Drive train management
04 January 2012
Stephen Barker describes how a complete drive train management strategy can become a valuable part of a best practice approach to energy, cost and carbon emissions reduction
Motor driven systems represent the largest single consumer of electrical energy in the UK – accounting for around 22 per cent of all the electricity we generate – but the vast majority of such systems are designed, installed and operated inefficiently. In recent years, increasing regulatory focus has been attached to electric motors and driven machines, including mandatory minimum motor efficiency standards, which are now in place.
This is good news, as many users are simply not aware of the economics of running electric motors. Few users may be aware that a single 75kW motor may cost in excess of £1m to run during a typical 20 year lifecycle. The purchase price of the motor is less than one per cent of that lifecycle cost.
Taking some basic decisions on purchasing policy and implementing some elementary engineering design can substantially reduce costs. However, even better news is that dramatically larger savings opportunities will be released when organisations are able to take a ‘systems’ approach to motor driven systems.
The complete drive train
When considering motor drive systems, the impact of the ‘complete drive train’ must be included. This encompasses everything from the electrical supply through to the final mechanical output device and may well include the following:
• Form of motor control – direct on line, VSD, soft-start, etc.
• Selection of motor – efficiency class, rating, mechanical configuration, etc.
• Gearbox or coupling arrangement
• Driven machine
• ‘Mechanical’ design of the system
Typically, most systems are purchased for minimum capital cost and lifecycle costs are rarely included. And where users attempt to include life cycle costs, they are often incorrectly calculated. It should be remembered that the overall ‘system efficiency’, from the electrical supply through to the mechanical output, could be 30 per cent or less!
The starting point for the system design is the requirement for the driven machine, taking into consideration the complete profile of use. The more accurately this is defined, the better the system efficiency will be. Best-in-class organisations now use advanced simulation techniques to improve predictive calculations and designs. Consider the mechanical transmission:
The mechanical coupling technique and any gearbox arrangement will have a substantial impact on overall system efficiency. For example, a high efficiency helical bevel gearbox may be 30 per cent more efficient than a traditional worm gearbox. Armed with a robust mechanical specification, the motor can then be correctly specified – but do avoid over-sizing as this adversely impacts efficiency. Motor control is next, and there are a number of considerations to take into account:
Speed profile – if the motor is required to run continuously close to rated load and rated speed, consider direct online (DOL) starting, soft start or similar. If the speed varies, consider a variable speed drive (VSD) where that is financially viable, using readily available software tools to calculate the payback.
Load profile – even for fixed speed applications, if there is a significant load variation in the duty cycle, it may be necessary to consider a VSD.
Application specific – or many applications, the special features of VSDs are extremely useful; for example, using the regenerative braking feature for a batch centrifuge or the wide speed range on paper winding machines. Where wide speed ranges or precise control is demanded by the application, a VSD is the obvious choice.

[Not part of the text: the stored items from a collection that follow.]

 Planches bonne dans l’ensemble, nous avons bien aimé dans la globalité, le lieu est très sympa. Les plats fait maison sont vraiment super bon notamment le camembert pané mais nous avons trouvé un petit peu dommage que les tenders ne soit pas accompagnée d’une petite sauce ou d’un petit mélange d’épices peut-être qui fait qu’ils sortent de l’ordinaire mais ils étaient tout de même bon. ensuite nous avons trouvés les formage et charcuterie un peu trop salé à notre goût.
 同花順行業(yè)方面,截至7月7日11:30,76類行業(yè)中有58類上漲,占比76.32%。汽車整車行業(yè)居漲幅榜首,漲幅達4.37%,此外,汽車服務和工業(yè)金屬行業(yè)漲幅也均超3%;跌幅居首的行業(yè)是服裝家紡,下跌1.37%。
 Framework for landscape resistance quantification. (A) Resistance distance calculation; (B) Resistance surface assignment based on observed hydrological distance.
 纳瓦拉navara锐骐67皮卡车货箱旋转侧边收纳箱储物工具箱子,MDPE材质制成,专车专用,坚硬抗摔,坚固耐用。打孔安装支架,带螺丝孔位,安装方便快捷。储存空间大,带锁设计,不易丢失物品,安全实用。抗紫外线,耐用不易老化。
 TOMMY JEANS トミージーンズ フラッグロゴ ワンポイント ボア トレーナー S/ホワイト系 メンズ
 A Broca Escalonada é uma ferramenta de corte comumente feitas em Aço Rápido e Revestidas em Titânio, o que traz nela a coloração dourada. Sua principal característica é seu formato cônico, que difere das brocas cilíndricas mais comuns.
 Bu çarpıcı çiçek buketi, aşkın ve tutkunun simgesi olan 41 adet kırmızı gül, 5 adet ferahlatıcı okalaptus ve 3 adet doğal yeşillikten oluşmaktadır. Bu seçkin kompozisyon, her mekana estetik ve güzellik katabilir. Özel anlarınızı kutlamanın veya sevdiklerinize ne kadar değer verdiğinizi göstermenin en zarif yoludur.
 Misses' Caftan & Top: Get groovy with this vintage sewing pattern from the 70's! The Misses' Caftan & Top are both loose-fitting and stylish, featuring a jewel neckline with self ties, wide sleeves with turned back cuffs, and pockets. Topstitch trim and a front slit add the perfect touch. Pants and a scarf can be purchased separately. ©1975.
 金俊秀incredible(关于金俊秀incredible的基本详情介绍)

For all motor control methods, the impact on the mains supply should be considered: what is the impact of DOL starting current; are there problems with power frequency harmonics; would a low harmonic drive offer greater system efficiency; are there compatibility issues between the motor and drive system?
But even if you have come this far and have correctly specified all the components in the system, this is still not the end of the story. Often, the overall system may be compromised by poor installation practice, incorrect commissioning techniques and lack of appropriate maintenance.
So, in summary, the two most common problems encountered in motor driven systems are incorrect system design, and poor installation and commissioning. Fortunately, comprehensive guidance is available from all equipment manufacturers, and for VSD driven systems, the GAMBICA guide to installation is a very good starting point. This can be downloaded free of charge from www.gambica.org.uk/publications.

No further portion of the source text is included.